### Assignment
Each line below must be set down exactly; omit any image you find.

Recorded data:
________________________________________
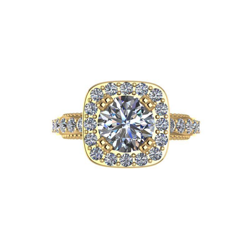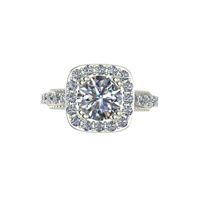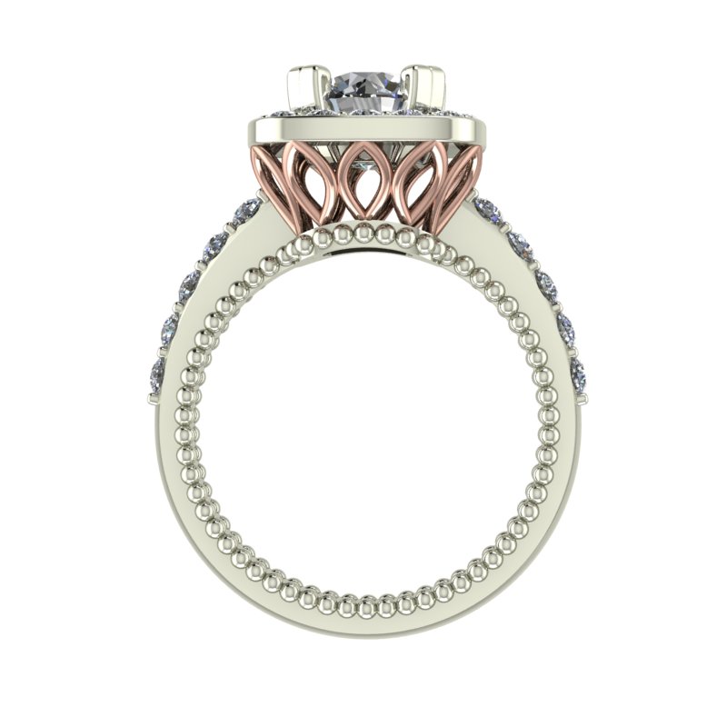 This unique ring was designed with inspiration from classic art deco and art nouveau designs. The beautiful custom cut blue sapphires accent the center stone and bring vivid color into the body of the ring.
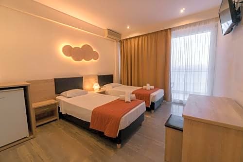 - small and not well-cleaned rooms - beach towels only with deposit and cash (1€ per day) - bicycles were extremely expensive - food was the same taste every day - there was no coctails at the bar - only f.e. vodka with tonic, gin, brandy, ouzo, white rum, wite and red wine and one beer, but when you wanted to have a coctail prepared it was not possible (no brown sugar, no mint, no lemon, no lime etc.)
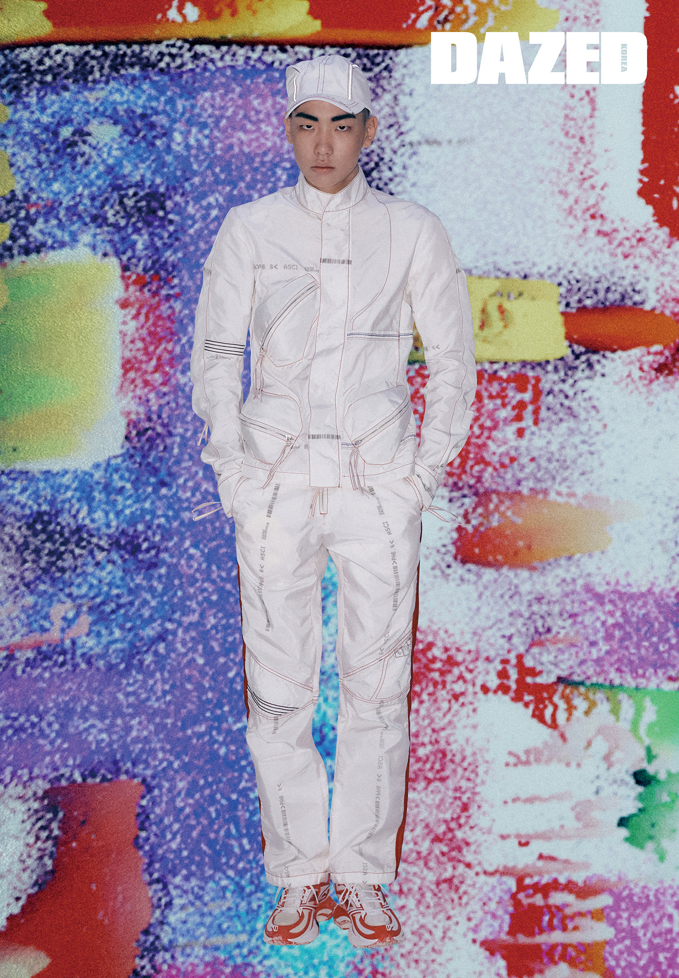 버려진 에어백을 재활용해 만든 재킷과 팬츠, 모자는 모두 강혁(Kanghyuk), 스니커즈는 강혁X리복(KanghyukXReebok).
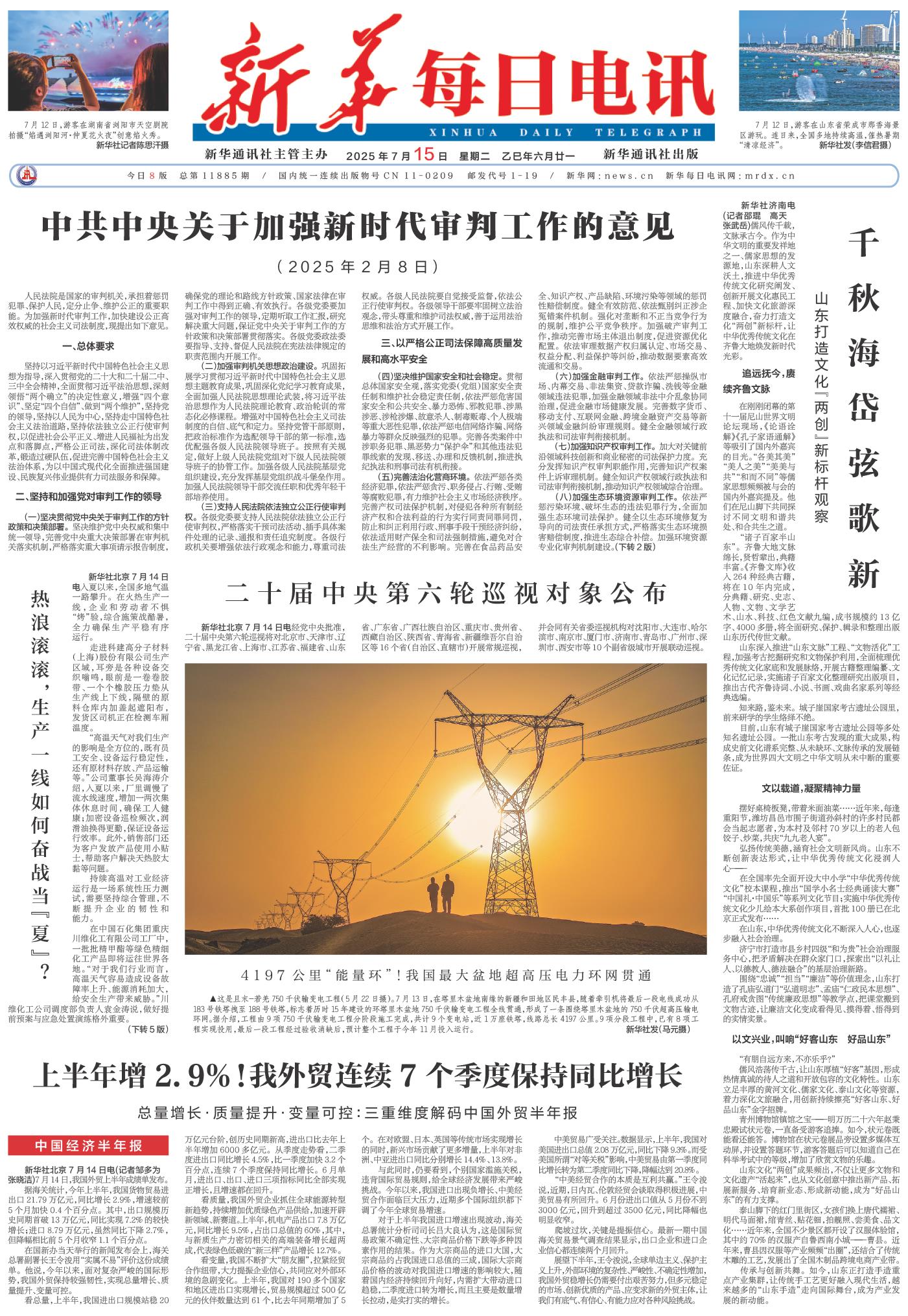( 2025-07-15 ) 稿件来源:新华每日电讯 要闻
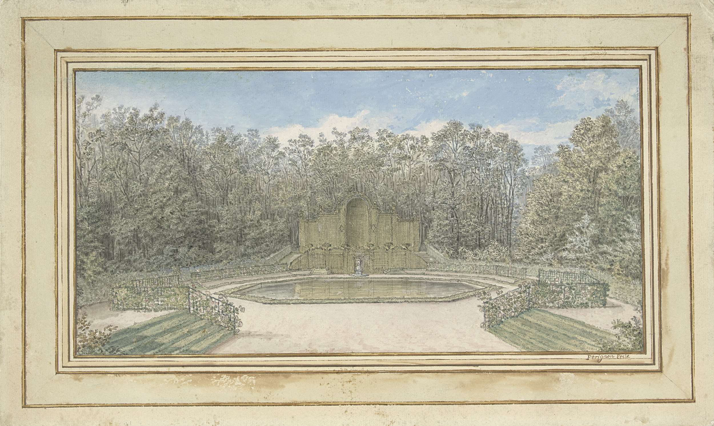 Gezicht op een prieel van latwerk in een park
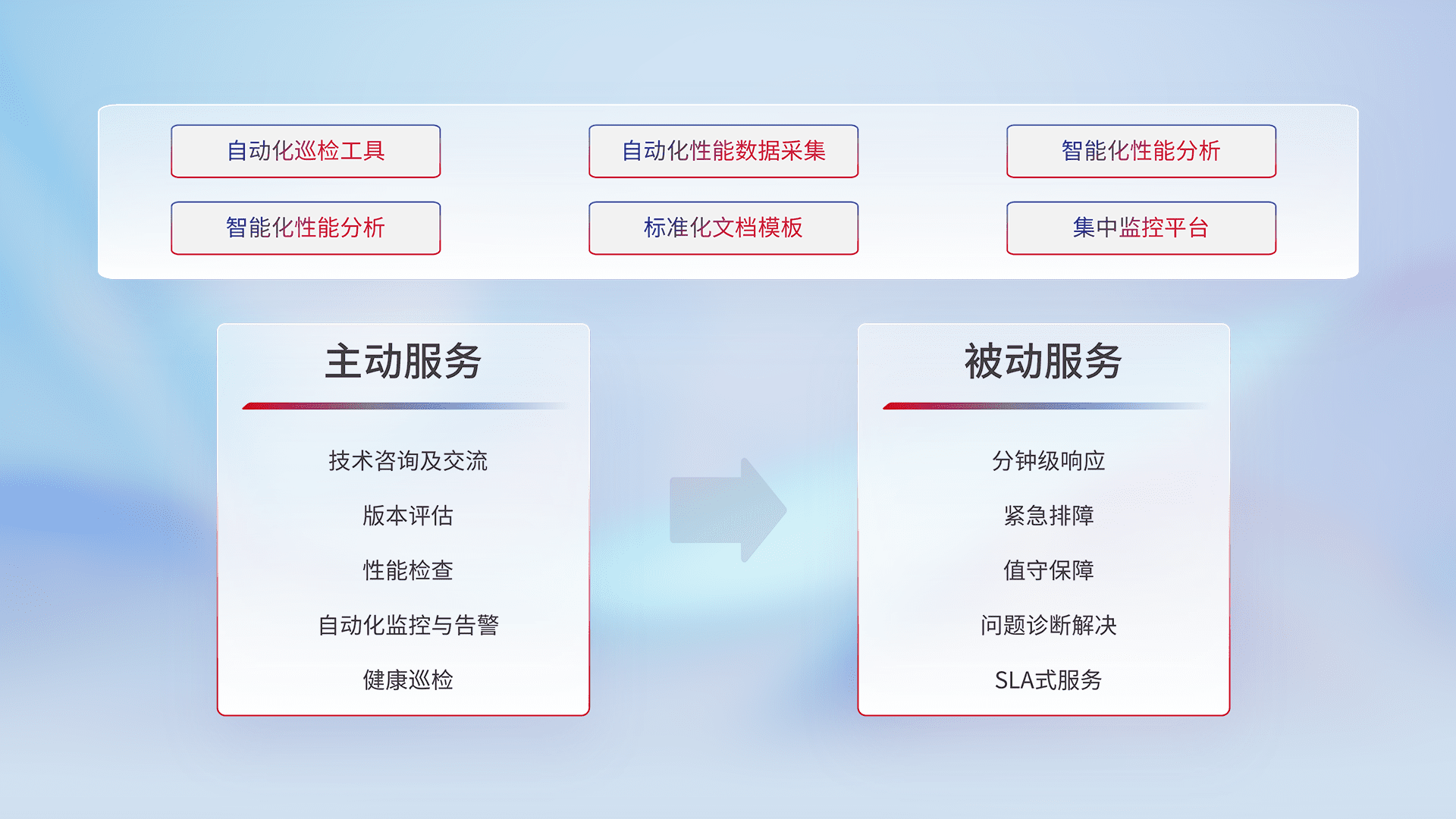 智能化工具和标准化文档,,,保障服务质量,,,,提供主动服务(包含技术咨询、、版本评估、、、性能检查、、、、自动化监控与告警、、健康巡检)和被动服务包含(分钟级响应、、紧急排障、、、、值守保障、、问题诊断解决、、、、SLA服务)。。
________________________________________
### Output
 This unique ring was designed with inspiration from classic art deco and art nouveau designs. The beautiful custom cut blue sapphires accent the center stone and bring vivid color into the body of the ring.
 - small and not well-cleaned rooms - beach towels only with deposit and cash (1€ per day) - bicycles were extremely expensive - food was the same taste every day - there was no coctails at the bar - only f.e. vodka with tonic, gin, brandy, ouzo, white rum, wite and red wine and one beer, but when you wanted to have a coctail prepared it was not possible (no brown sugar, no mint, no lemon, no lime etc.)
 버려진 에어백을 재활용해 만든 재킷과 팬츠, 모자는 모두 강혁(Kanghyuk), 스니커즈는 강혁X리복(KanghyukXReebok).
( 2025-07-15 ) 稿件来源:新华每日电讯 要闻
 Gezicht op een prieel van latwerk in een park
 智能化工具和标准化文档,,,保障服务质量,,,,提供主动服务(包含技术咨询、、版本评估、、、性能检查、、、、自动化监控与告警、、健康巡检)和被动服务包含(分钟级响应、、紧急排障、、、、值守保障、、问题诊断解决、、、、SLA服务)。。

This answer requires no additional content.